The expected answer is the set of lines in the data below between the line holding "Выключатель автоматический трехполюсный" and the line holding "Wir bieten über", inclusive, written out exactly.

* **Exercise materials**
◆ ◆ ◆ ◆

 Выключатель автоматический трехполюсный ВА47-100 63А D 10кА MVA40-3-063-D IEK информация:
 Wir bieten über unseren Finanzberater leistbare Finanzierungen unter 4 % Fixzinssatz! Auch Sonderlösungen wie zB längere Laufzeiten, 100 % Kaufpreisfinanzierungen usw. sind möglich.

◆ ◆ ◆ ◆

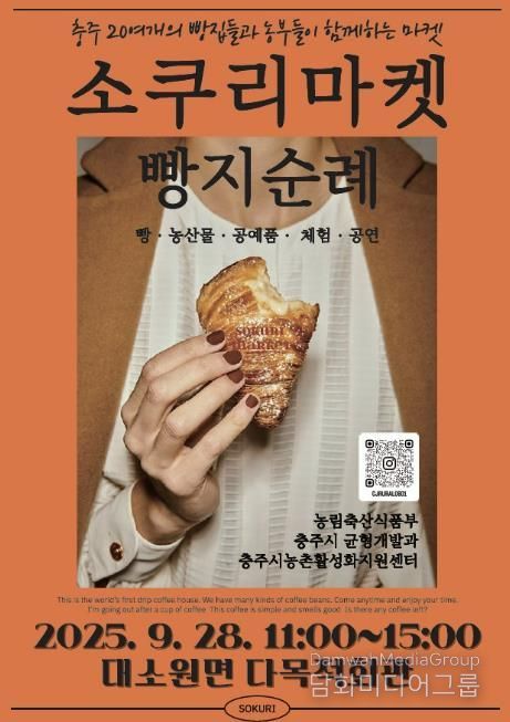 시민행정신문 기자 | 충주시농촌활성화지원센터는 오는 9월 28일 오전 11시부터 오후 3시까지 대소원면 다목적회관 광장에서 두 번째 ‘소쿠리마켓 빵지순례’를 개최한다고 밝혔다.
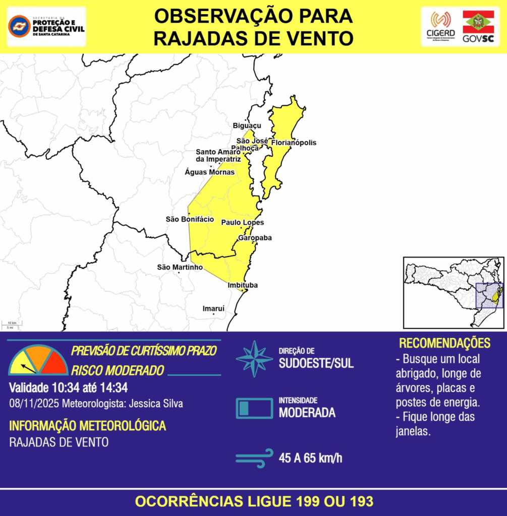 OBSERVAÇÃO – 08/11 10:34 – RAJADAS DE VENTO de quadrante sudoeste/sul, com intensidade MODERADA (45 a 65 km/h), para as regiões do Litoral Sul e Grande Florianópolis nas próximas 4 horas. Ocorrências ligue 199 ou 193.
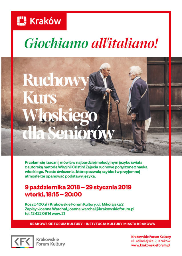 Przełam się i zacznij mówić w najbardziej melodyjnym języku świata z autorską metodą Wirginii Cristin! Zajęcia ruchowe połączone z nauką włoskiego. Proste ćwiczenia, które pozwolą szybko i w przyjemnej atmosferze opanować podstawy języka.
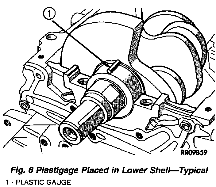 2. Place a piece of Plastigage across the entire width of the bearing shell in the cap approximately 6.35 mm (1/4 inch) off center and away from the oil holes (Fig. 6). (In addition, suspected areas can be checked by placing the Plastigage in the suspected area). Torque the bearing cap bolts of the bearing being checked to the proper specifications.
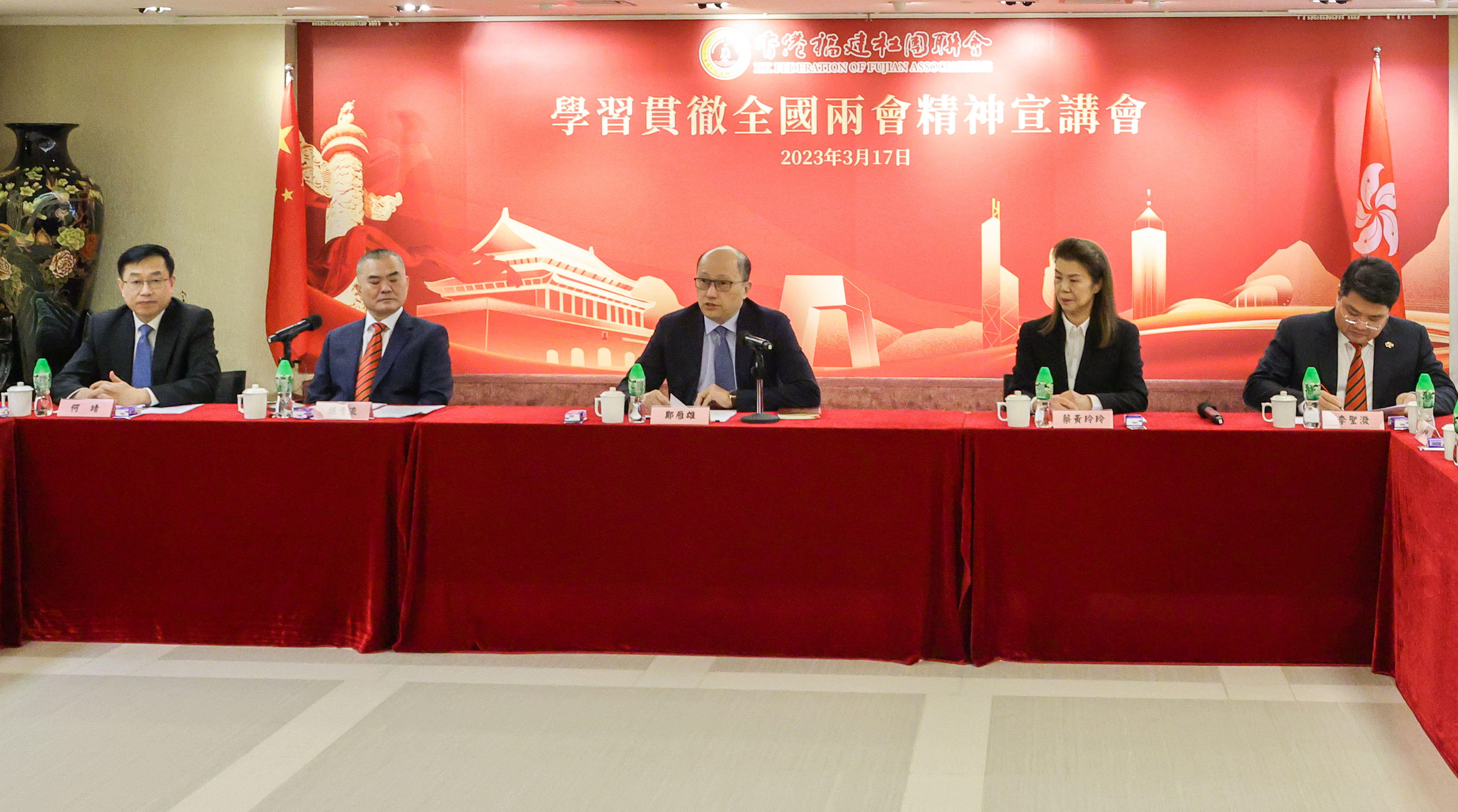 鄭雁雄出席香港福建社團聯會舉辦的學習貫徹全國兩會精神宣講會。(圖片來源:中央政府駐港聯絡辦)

◆ ◆ ◆ ◆

* **Reply to the exercise**
 Выключатель автоматический трехполюсный ВА47-100 63А D 10кА MVA40-3-063-D IEK информация:
 Wir bieten über unseren Finanzberater leistbare Finanzierungen unter 4 % Fixzinssatz! Auch Sonderlösungen wie zB längere Laufzeiten, 100 % Kaufpreisfinanzierungen usw. sind möglich.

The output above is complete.